In the listing below, find the line with "玄関収納ベンチ Natural Signature(fbc)" and copy every line from there up to and including the line with "Ārijas Romanovskas foto", exactly and without pictures.

• **EXTRACTED ENTRIES**:
◇ ◇ ◇ ◇

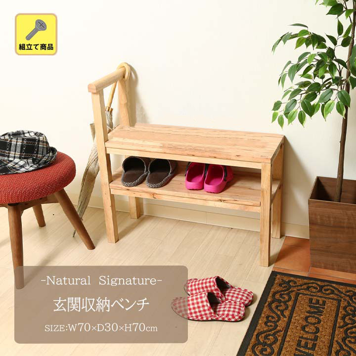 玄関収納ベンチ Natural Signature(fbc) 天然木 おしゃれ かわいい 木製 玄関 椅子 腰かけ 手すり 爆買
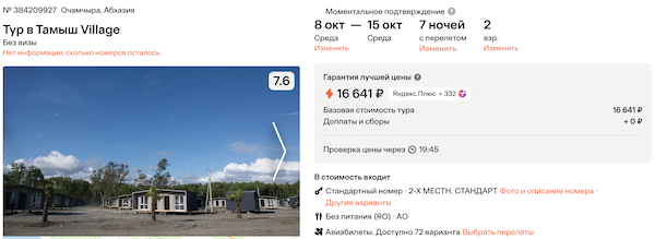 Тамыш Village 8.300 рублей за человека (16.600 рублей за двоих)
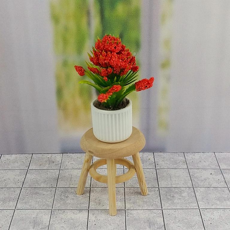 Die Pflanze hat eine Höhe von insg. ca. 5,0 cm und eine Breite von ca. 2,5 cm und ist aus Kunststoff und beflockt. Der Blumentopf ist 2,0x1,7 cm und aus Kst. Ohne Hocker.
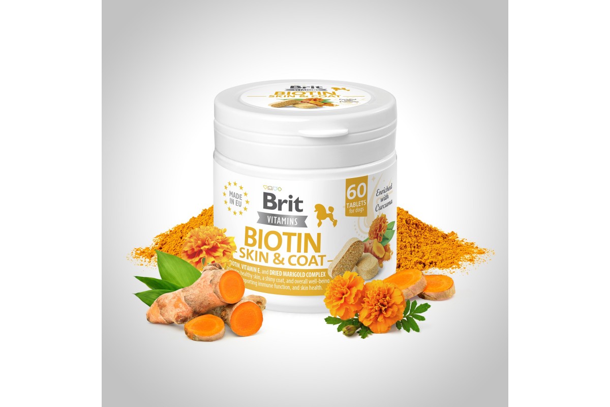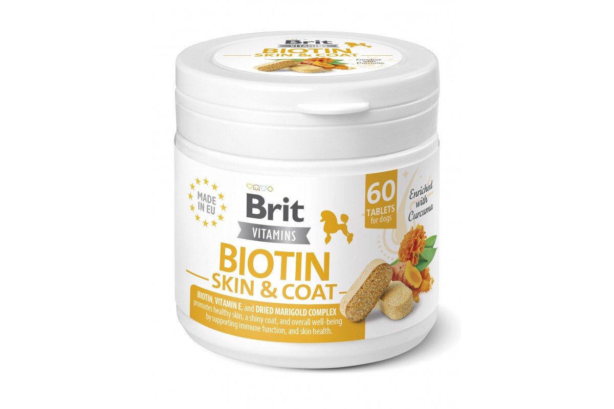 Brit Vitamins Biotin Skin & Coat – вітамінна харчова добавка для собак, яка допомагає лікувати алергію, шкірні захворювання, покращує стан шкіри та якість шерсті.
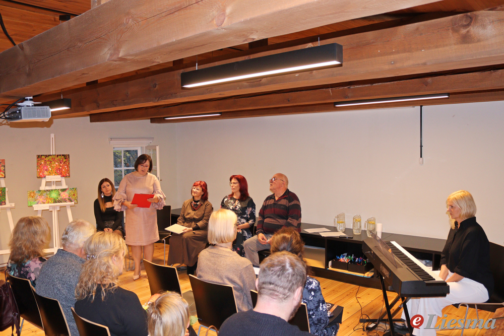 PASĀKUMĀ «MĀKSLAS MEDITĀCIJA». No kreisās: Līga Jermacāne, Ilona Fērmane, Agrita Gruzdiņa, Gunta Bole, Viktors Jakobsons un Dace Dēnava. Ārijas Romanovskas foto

◇ ◇ ◇ ◇

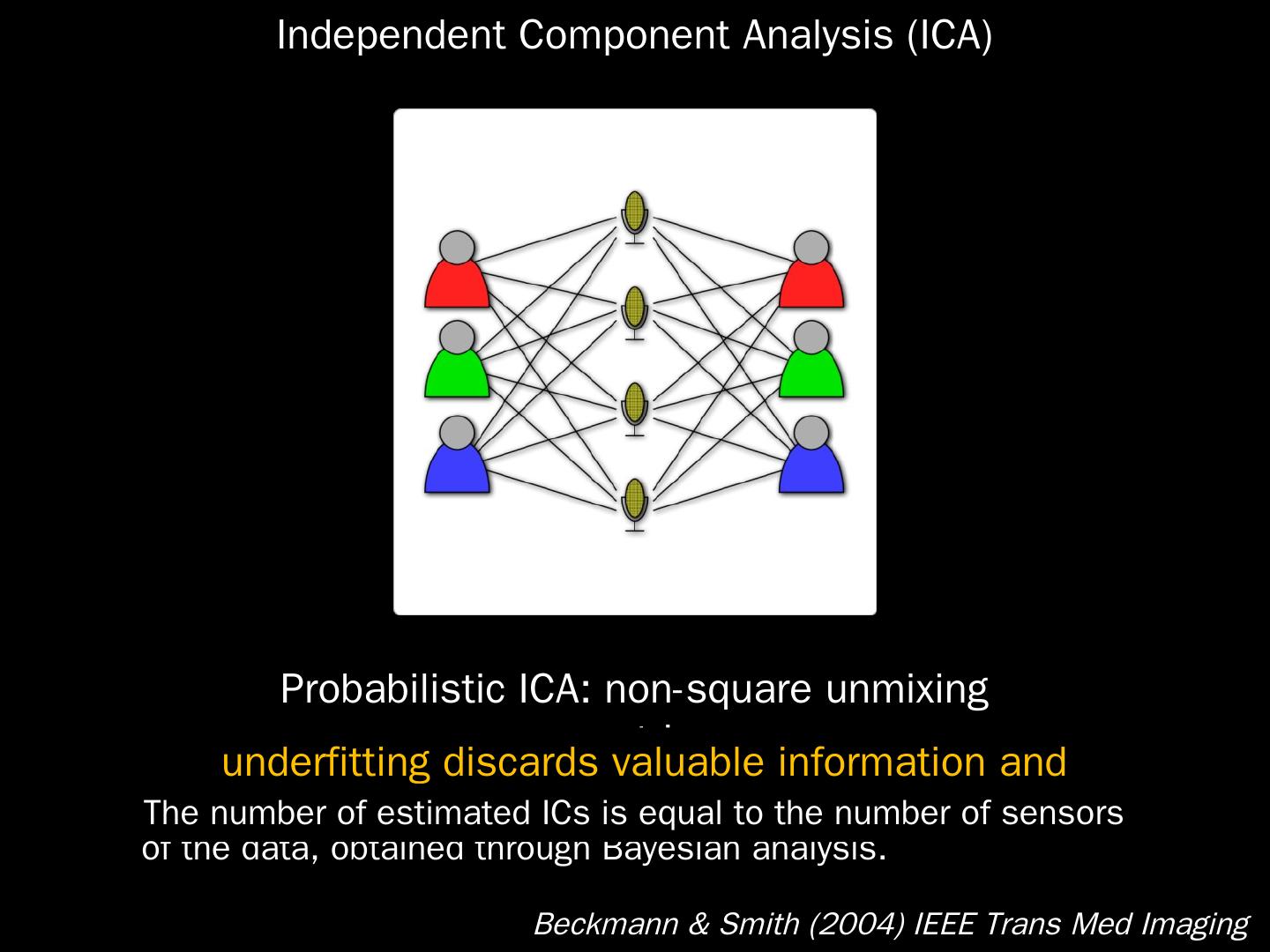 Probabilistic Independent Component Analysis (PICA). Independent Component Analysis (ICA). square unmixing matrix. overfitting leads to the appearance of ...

◇ ◇ ◇ ◇

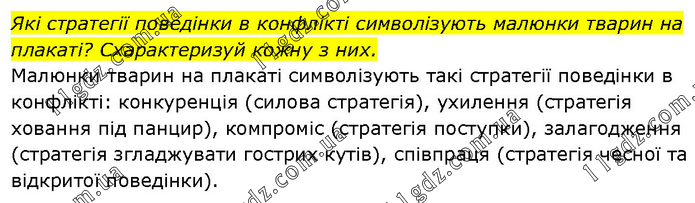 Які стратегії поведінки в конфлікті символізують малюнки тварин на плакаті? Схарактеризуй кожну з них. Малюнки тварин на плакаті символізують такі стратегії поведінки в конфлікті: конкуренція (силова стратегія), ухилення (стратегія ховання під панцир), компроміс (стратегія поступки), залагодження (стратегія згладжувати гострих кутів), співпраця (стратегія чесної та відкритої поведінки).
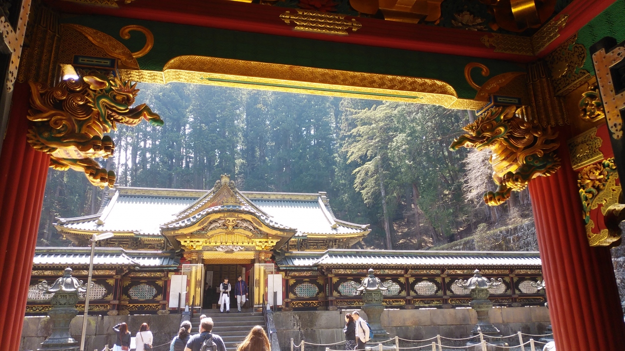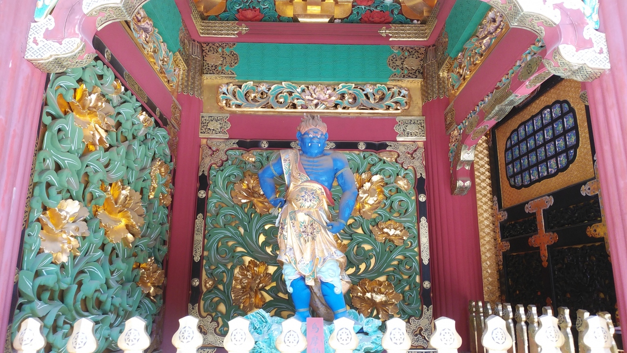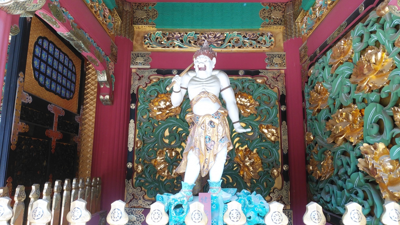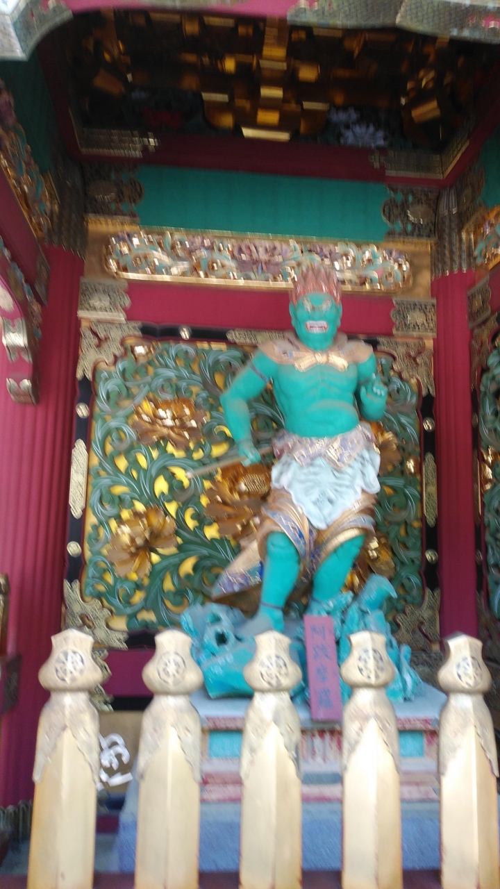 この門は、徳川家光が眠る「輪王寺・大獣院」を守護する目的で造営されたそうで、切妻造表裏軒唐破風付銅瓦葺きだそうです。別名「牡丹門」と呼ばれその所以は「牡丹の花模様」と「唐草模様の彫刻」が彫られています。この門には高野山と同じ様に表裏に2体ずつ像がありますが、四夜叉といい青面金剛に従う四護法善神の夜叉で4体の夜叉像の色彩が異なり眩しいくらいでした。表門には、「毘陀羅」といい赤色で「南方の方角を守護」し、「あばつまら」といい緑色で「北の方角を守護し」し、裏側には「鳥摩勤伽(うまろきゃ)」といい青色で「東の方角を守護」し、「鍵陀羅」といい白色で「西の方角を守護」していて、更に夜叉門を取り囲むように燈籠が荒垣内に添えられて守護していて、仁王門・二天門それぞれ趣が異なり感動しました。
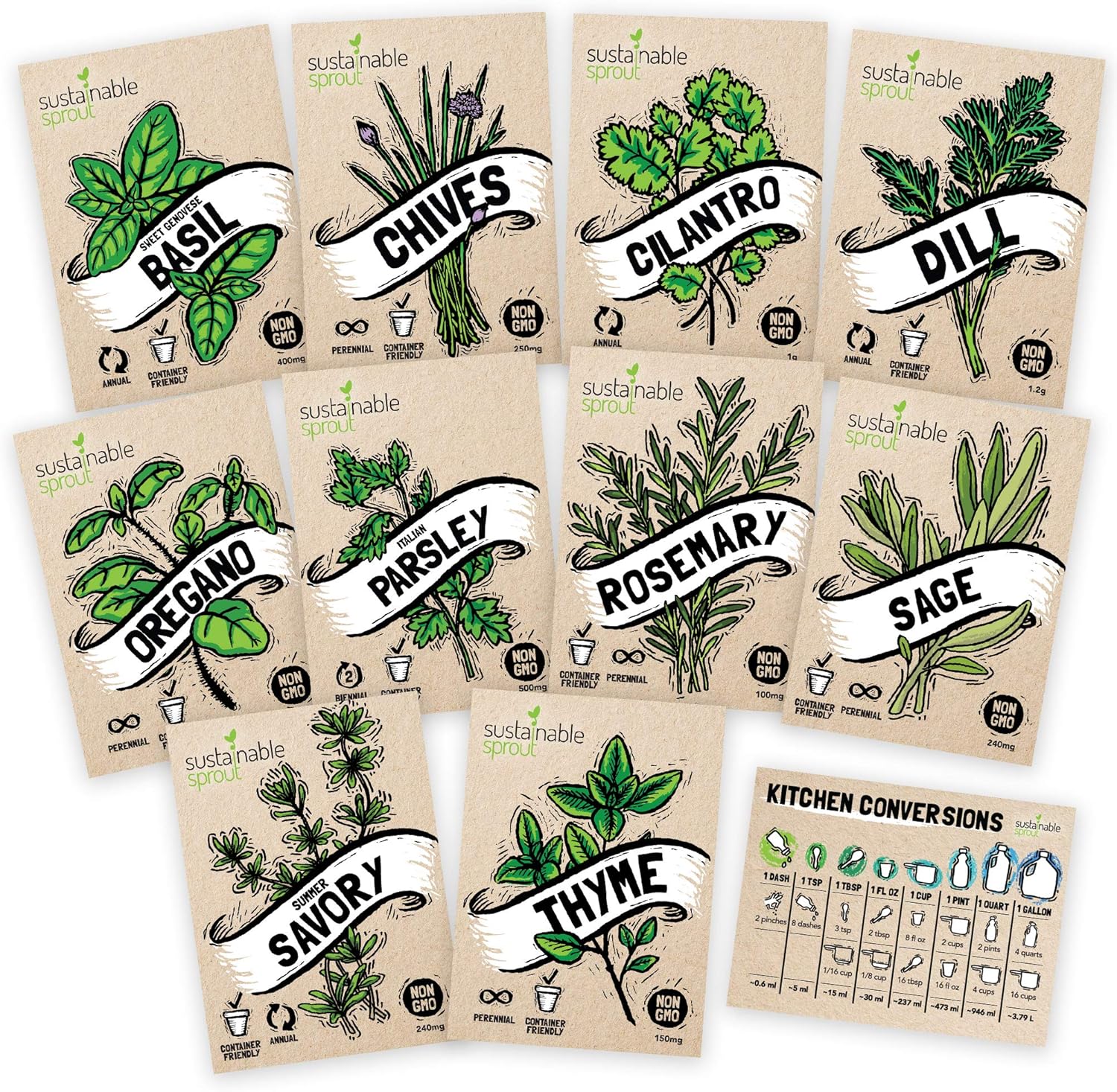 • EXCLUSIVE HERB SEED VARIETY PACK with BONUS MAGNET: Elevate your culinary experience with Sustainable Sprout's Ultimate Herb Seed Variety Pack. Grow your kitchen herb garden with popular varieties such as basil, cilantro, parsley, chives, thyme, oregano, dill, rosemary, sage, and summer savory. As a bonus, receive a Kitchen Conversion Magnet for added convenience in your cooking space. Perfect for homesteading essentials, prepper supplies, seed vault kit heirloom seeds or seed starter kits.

◇ ◇ ◇ ◇

• **EXERCISE OUTPUT**:
 玄関収納ベンチ Natural Signature(fbc) 天然木 おしゃれ かわいい 木製 玄関 椅子 腰かけ 手すり 爆買
 Тамыш Village 8.300 рублей за человека (16.600 рублей за двоих)
 Die Pflanze hat eine Höhe von insg. ca. 5,0 cm und eine Breite von ca. 2,5 cm und ist aus Kunststoff und beflockt. Der Blumentopf ist 2,0x1,7 cm und aus Kst. Ohne Hocker.
 Brit Vitamins Biotin Skin & Coat – вітамінна харчова добавка для собак, яка допомагає лікувати алергію, шкірні захворювання, покращує стан шкіри та якість шерсті.
 PASĀKUMĀ «MĀKSLAS MEDITĀCIJA». No kreisās: Līga Jermacāne, Ilona Fērmane, Agrita Gruzdiņa, Gunta Bole, Viktors Jakobsons un Dace Dēnava. Ārijas Romanovskas foto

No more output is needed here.